Your goal | Give the data below again exactly as written, but without the pictures.
-- Data shown follows --
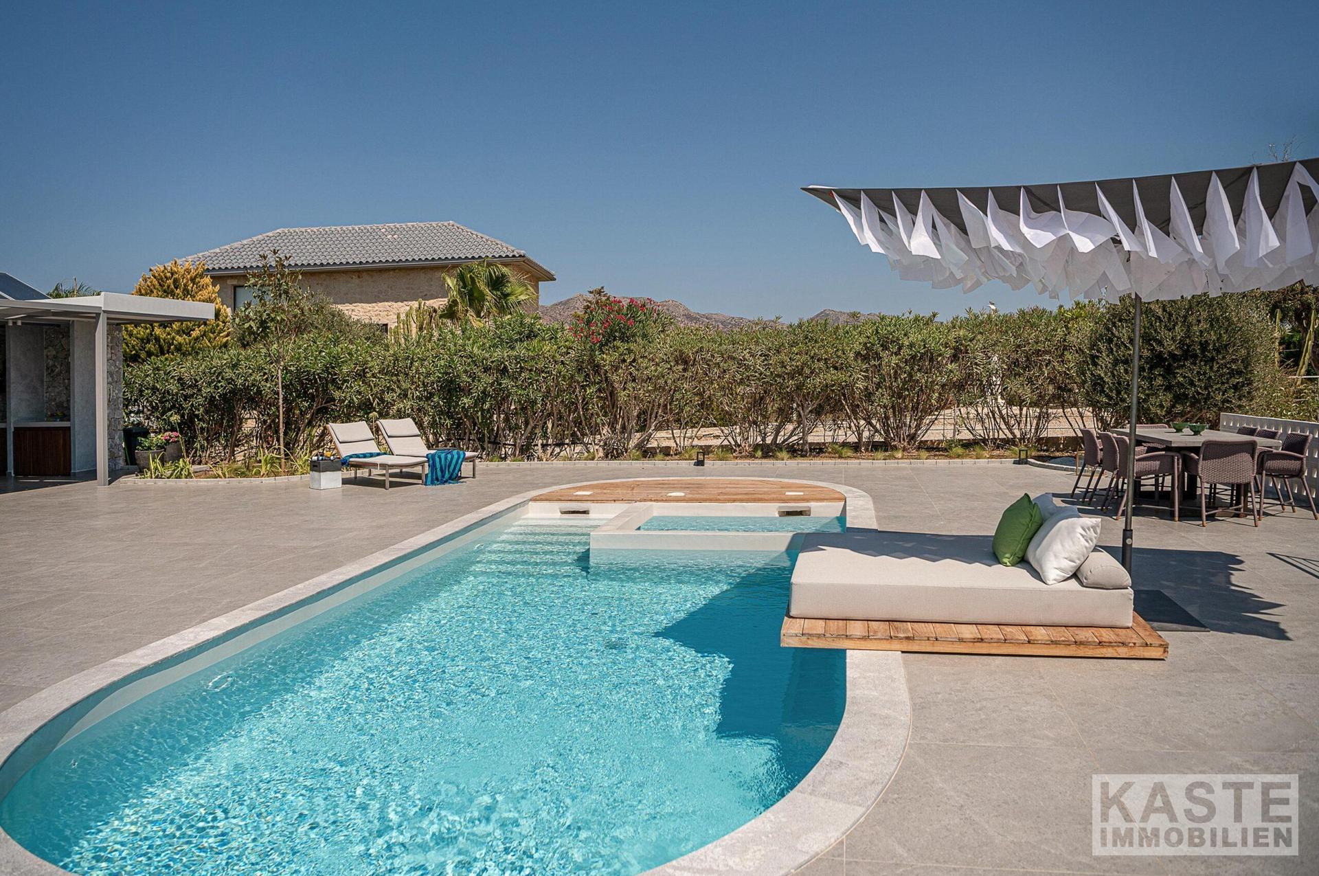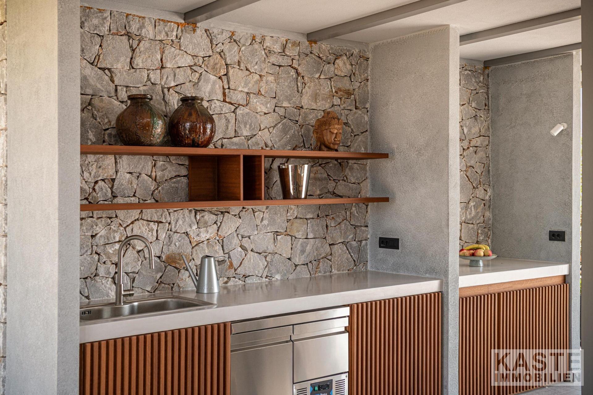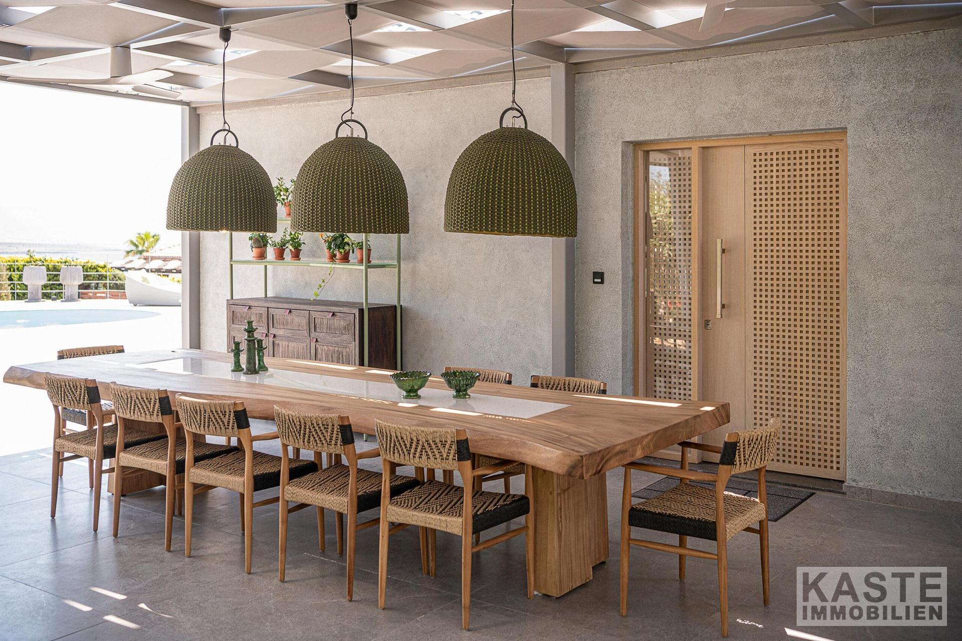 Im Außenbereich setzt sich das exklusive Ambiente mit einem strahlenden Infinity-Pool fort, der sich harmonisch in die gepflegten, voll angelegten Gärten einfügt. Eine überdachte Lounge und ein prachtvoller Gartenkamin schaffen lauschige Plätzchen zum Entspannen und Genießen der spektakulären Sonnenuntergänge über dem Meer. Dafür bietet der vorgelagerte Balkon einen privaten Platz, um diese Naturwunder ungestört zu erleben.
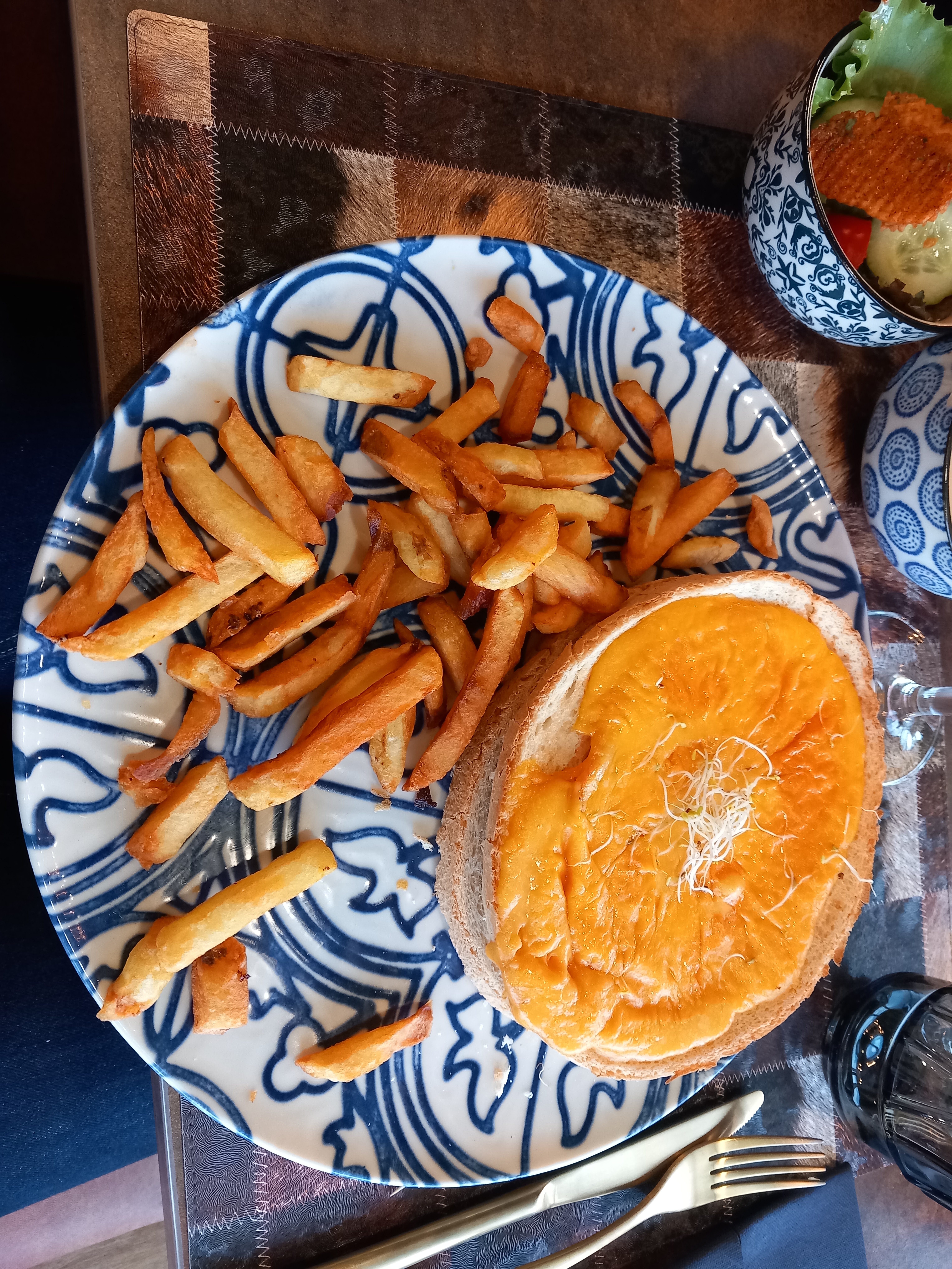 Très mauvaise expérience malgré un service efficace d'une serveuse, pas du tout le cas du responsable de bar/salle. On a commandé un welsh mais arrivé à table comment dire... Je vais vous donner une adresse où ne pas aller. Un welsh ou plutôt un panier de basket 🏀 emporte piècé dans une grosse tranche d'un pain blanc: pain non toasté (Bruschetta de chez Métro sèche et fade)où il restait 90% de croûte, un cheddar pas huileux mais avec un aspect béchamelisé avec un jambon épais comme du papier à cigarette sans pain en dessous (Ni toasté, ni imbibé, ni présent vu qu'il s'en sont servi comme une auréole de pain, non moutardé Heureusement qu'il y avait de la salade (Oui parce qu'à 18,90€ j'avais quand même la dalle, et de l'Anosteke pour manger un morceau sur le pouce tout de même). Si le chef souhaite revisiter une Bruschetta qu'il laisse un peu de mie dessus. Histoire de... d'avoir du pain dans le welsh 🤷🏼♀️ #CauchemarEnCuisine #philippeetchebest #inflation
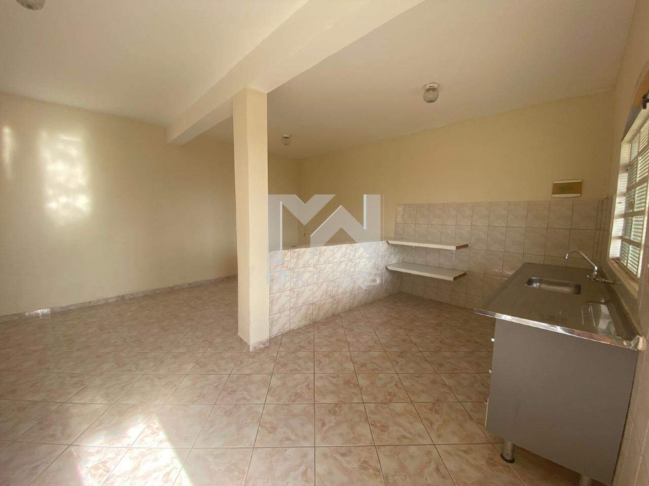 Nos fundos, edícula independente com sala e cozinha integradas e suíte.
-- Data shown concluded --
Written reply |
 Im Außenbereich setzt sich das exklusive Ambiente mit einem strahlenden Infinity-Pool fort, der sich harmonisch in die gepflegten, voll angelegten Gärten einfügt. Eine überdachte Lounge und ein prachtvoller Gartenkamin schaffen lauschige Plätzchen zum Entspannen und Genießen der spektakulären Sonnenuntergänge über dem Meer. Dafür bietet der vorgelagerte Balkon einen privaten Platz, um diese Naturwunder ungestört zu erleben.
 Très mauvaise expérience malgré un service efficace d'une serveuse, pas du tout le cas du responsable de bar/salle. On a commandé un welsh mais arrivé à table comment dire... Je vais vous donner une adresse où ne pas aller. Un welsh ou plutôt un panier de basket 🏀 emporte piècé dans une grosse tranche d'un pain blanc: pain non toasté (Bruschetta de chez Métro sèche et fade)où il restait 90% de croûte, un cheddar pas huileux mais avec un aspect béchamelisé avec un jambon épais comme du papier à cigarette sans pain en dessous (Ni toasté, ni imbibé, ni présent vu qu'il s'en sont servi comme une auréole de pain, non moutardé Heureusement qu'il y avait de la salade (Oui parce qu'à 18,90€ j'avais quand même la dalle, et de l'Anosteke pour manger un morceau sur le pouce tout de même). Si le chef souhaite revisiter une Bruschetta qu'il laisse un peu de mie dessus. Histoire de... d'avoir du pain dans le welsh 🤷🏼♀️ #CauchemarEnCuisine #philippeetchebest #inflation
 Nos fundos, edícula independente com sala e cozinha integradas e suíte.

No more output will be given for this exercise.